Sebagai pemilik, masyarakat kita ternyata cenderung menempatkan karawitan sebagai sesuatu yang eksklusif. Sudah bukan hal yang langka apabila hampir semua bangunan Joglo dilengkapi dengan seperangkat gamelan yang tertata apik di salah satu sudutnya. Pemiliknya cukup puas dengan keberadaan gamelan itu tanpa harus di-tabuh. Jikapun ada yang hendak mencoba nabuh, belum tentu diiziNkan. Ada beribu alasan untuk menjadikan gamelan layaknya benda keramat bertuah, sehingga tidak sembarang tangan boleh menyentuh. Bilapun mendapat izin, si pemilik akan lebih dulu menyampaikan peringatan-peringatan “menakutkan” dengan suara ketus dan sorot mata yang tajam. Hal itu juga yang sering dilakukan oleh mayoritas guru karawitan. Celakanya, ini tetap berlaku untuk anak-anak kita sendiri yang tidak lain adalah calon pewaris budaya.
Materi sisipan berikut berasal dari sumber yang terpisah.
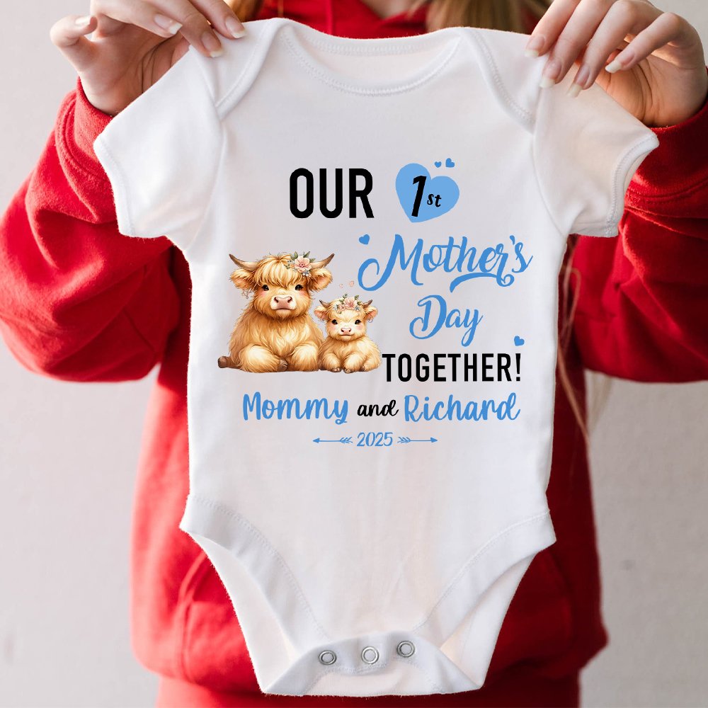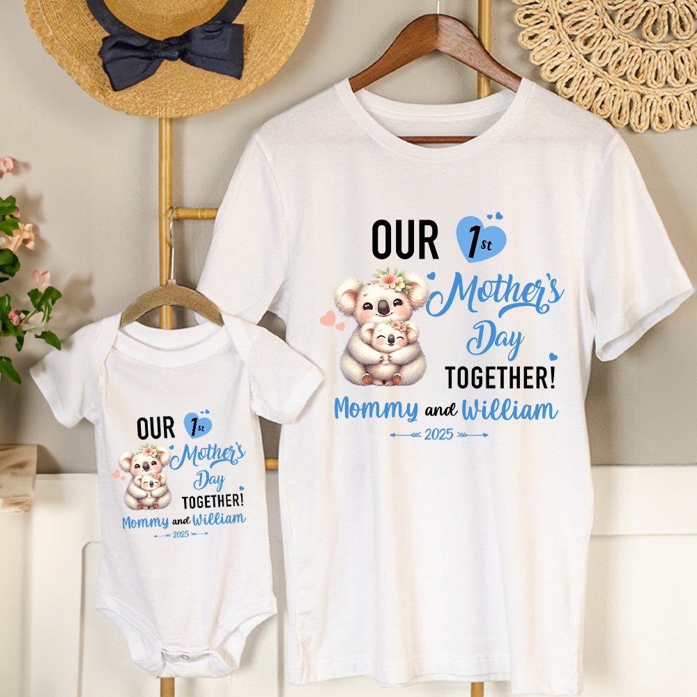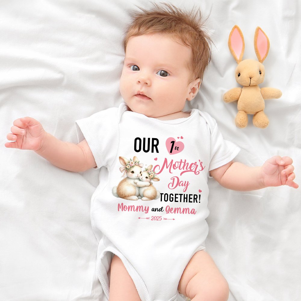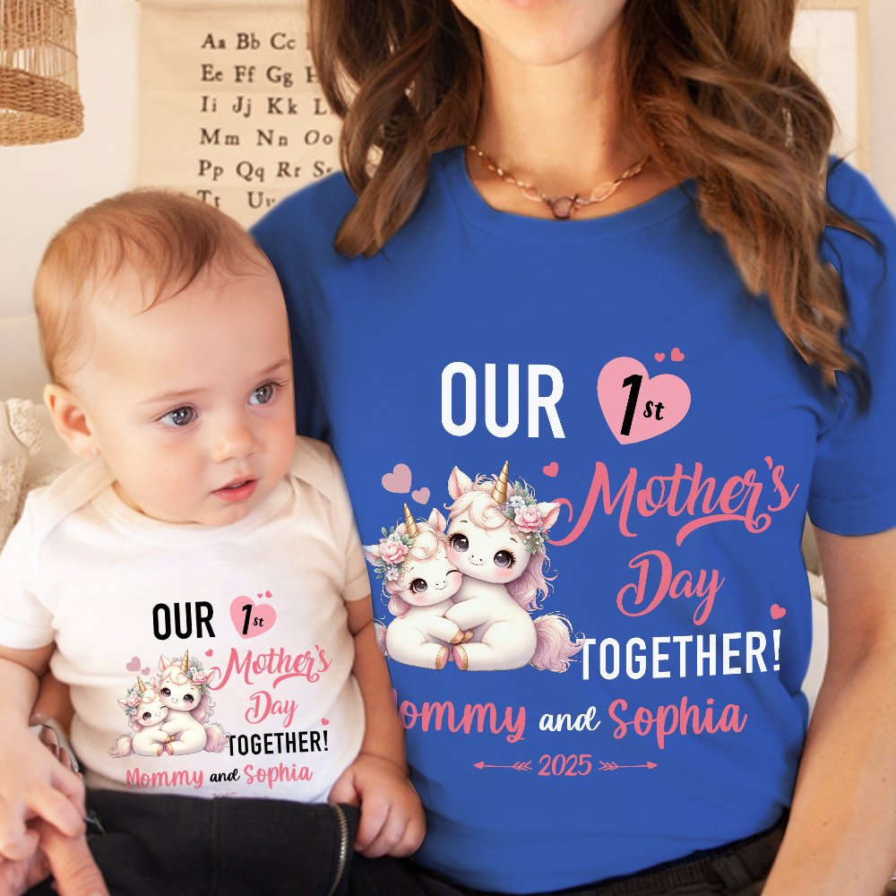 The front of this T-shirt and bodysuit is printed with the warm words "OUR 1st Mother's Day TOGETHER!", and is matched with lively and cute animal patterns, symbolizing the greatness of maternal love and the depth of family affection. We provide 20 kinds of animal patterns to enrich your choices. In addition, the clothes also support customized names and years to make them more exclusive.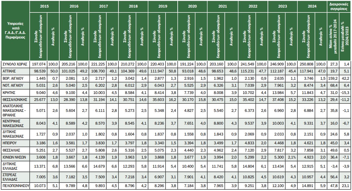 Σύμφωνα με τα επίσημα στοιχεία της Ελληνικής Στατιστικής Αρχής , τα διαπραχθέντα αδικήματα αυξήθηκαν από 10.073 το 2015 σε 14.891 το 2024, δηλαδή κατά 48% συνολικά και πάνω από 23% μέσα σε έναν μόλις χρόνο. Το ποσοστό συμμετοχής της Περιφέρειας στο σύνολο της χώρας ανέβηκε από 4,7% το 2016 σε σχεδόν 6% το 2024.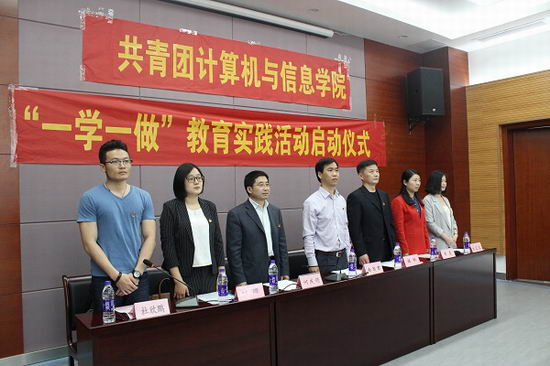 “一学一做”教育实践活动实施方案》,从学习教育、组织生活、实践活动三个方面对学院教育实践活动的具体安排进行布置。团总支书记王学森同学代表团学组织宣读了《“一学一做”教育实践活动倡议书》,向学院全体团学青年发起倡议,坚定理想信念、增进道德修养、勇担历史使命,扎实开展“一学一做”教育实践。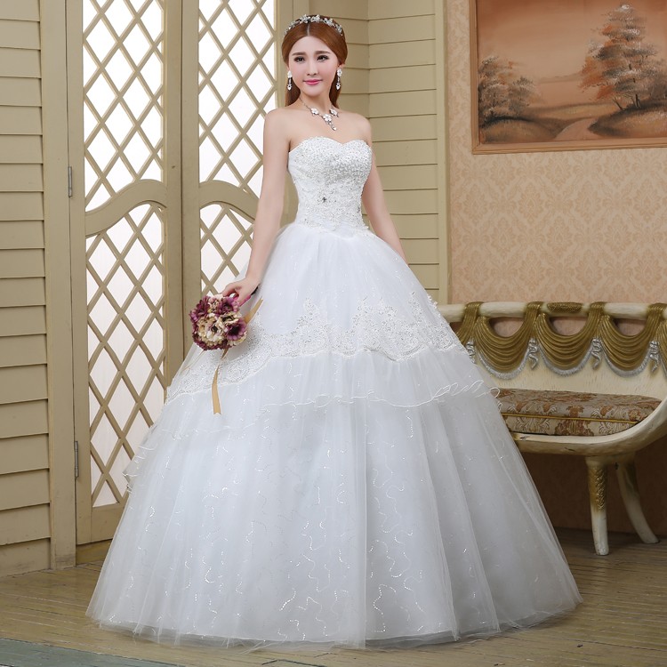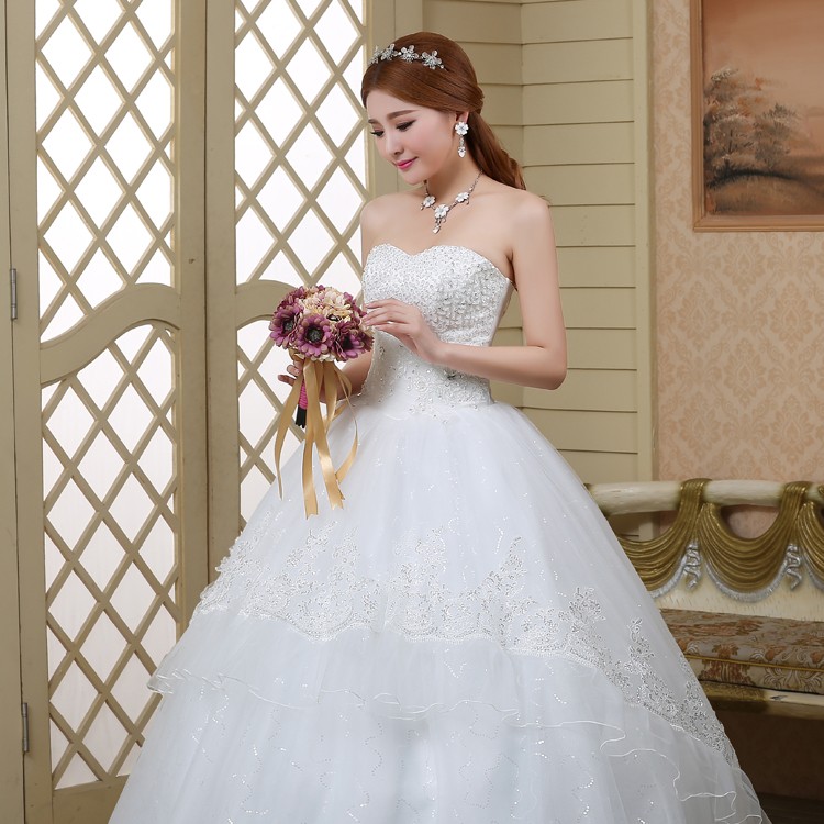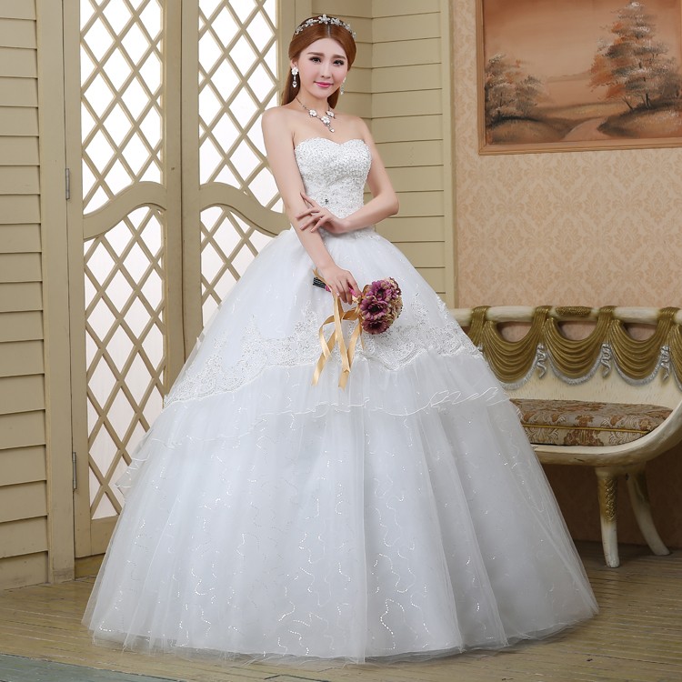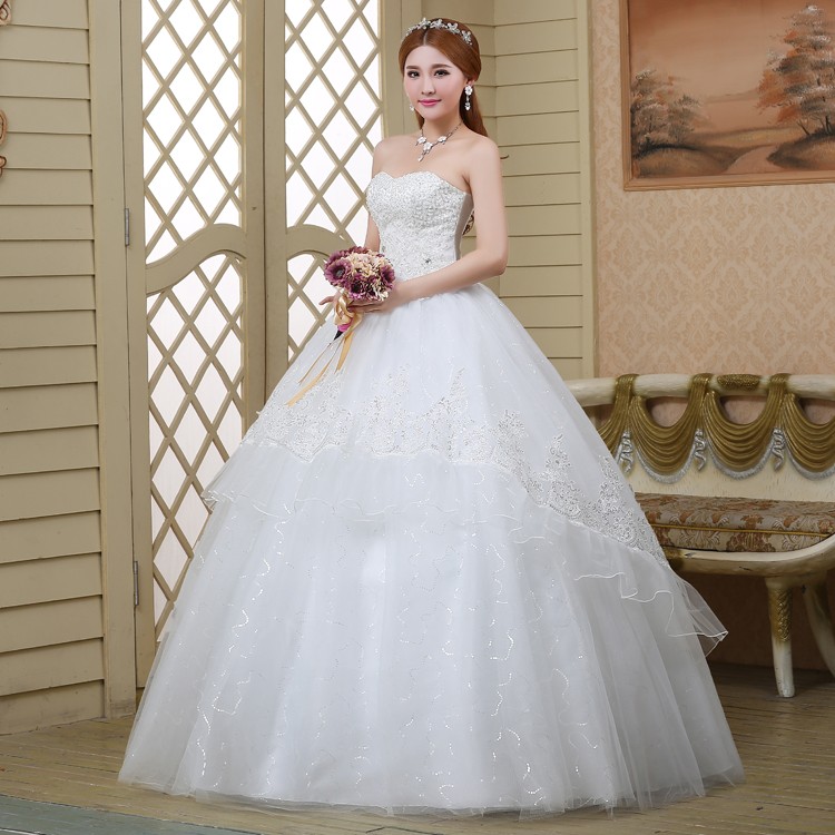 婚纱新款2017抹胸修身韩版大码新娘 简约公主蓬蓬裙结婚纱512—2

Tidakkah kasus tersebut cukup sebagai jawaban atas fenomena keengganaN dan ketakutan masyarakat untuk belajar karawitan?
Pendidikan formal seni karawitan sangat mengutamakan usaha agar menghasilkan lulusan yang berkualitas pada aspek skill. Terbukti bahwa untuk menemukan sarjana seni yang terampil memainkan semua alat musik bukanlah hal yang sulit. Namun, tampaknya untuk menemukan sarjana seni yang mampu men-transfer ilmunya kepada orang lain adalah perkara yang sukar. Jangankan mengajarkan kepada orang lain, untuk memahami sendiri, ketika masih sekolah, mereka sangat kesulItan. Ini adalah kasus kurikulum.
Menjadikan seni karawitan sebagai sesuatu yang inklusif adalah langkah awal untuk mendapatkan kepedulian masyarakat. Sedangkan usaha trasformasi nilai (moral) masih dapat dilakukan setelah mereka dekat, kenal, dan akrab dengan gamelan. Selanjutnya, dunia pendidikan formal sudah harus menyiapkan sarjana-sarjana yang memiliki spesifikasi sebagai pendidik, pengaji, kritisi, dan pengelola, selain praktisi seni pertunjukan (karawitan). Mereka inilah yang nantinya akan berSinergi sebagai agen budaya dalam rangka menciptakan iklim yang kondusif untuk kelangsungan hidup seni karawitan di “rumah sendiri”.
Kenyataan bahwa seni karawitan terkesan eksklusif (jika malu menyebutnya kampungan), asing, tidak menyenangkan, dan puluhan istilah negatif lain, adalah efek dari anggapan perihal kemapanan budaya yang tidak mengikuti perkembangan zaman. Pembelajaran seni (karawitan) yang konservatif, tidak memertimbangkan aspek psikologis, dan menitikberatkan kesenimanan, adalah kelalaian teRhadap proses pelestarian. Inilah saatnya kita mengenalkan suatu metode belajar karawitan yang kontekstual. Mari bersama mencetak agen budaya yang mampu menghimpun masyarakat untuk belajar karawitan dengan gampang dan senang.
Kalongan-Maguwoharjo, 27 September 2007
2 komentar:
dgfdgfgfgfggdgfgfg
keengganan masyarakat Jawa sendiri to nyenengi gamelan sebenarnya disebabkan oleh banyak hal; 1. masyarakat kita miskin, jadi untuk 'katakanlah' menghibur diri diri dengan bermain gamelan agak disepelekan. mereka bilang "dolanan gamelan tak mengasilkan uang, uang, dan lagi2 urusan 'weteng' mudahnya. Maka sangat berbeda dgn orang2 barat yang biasa kita lihat, mereka antusias, respon dengan gamelan yang tak lain 'mereka adalah gambaran/wakil dari orang2 yang "berada". Bagaimana dengan orang2 luar yang "urusan perutnya" belum kelar?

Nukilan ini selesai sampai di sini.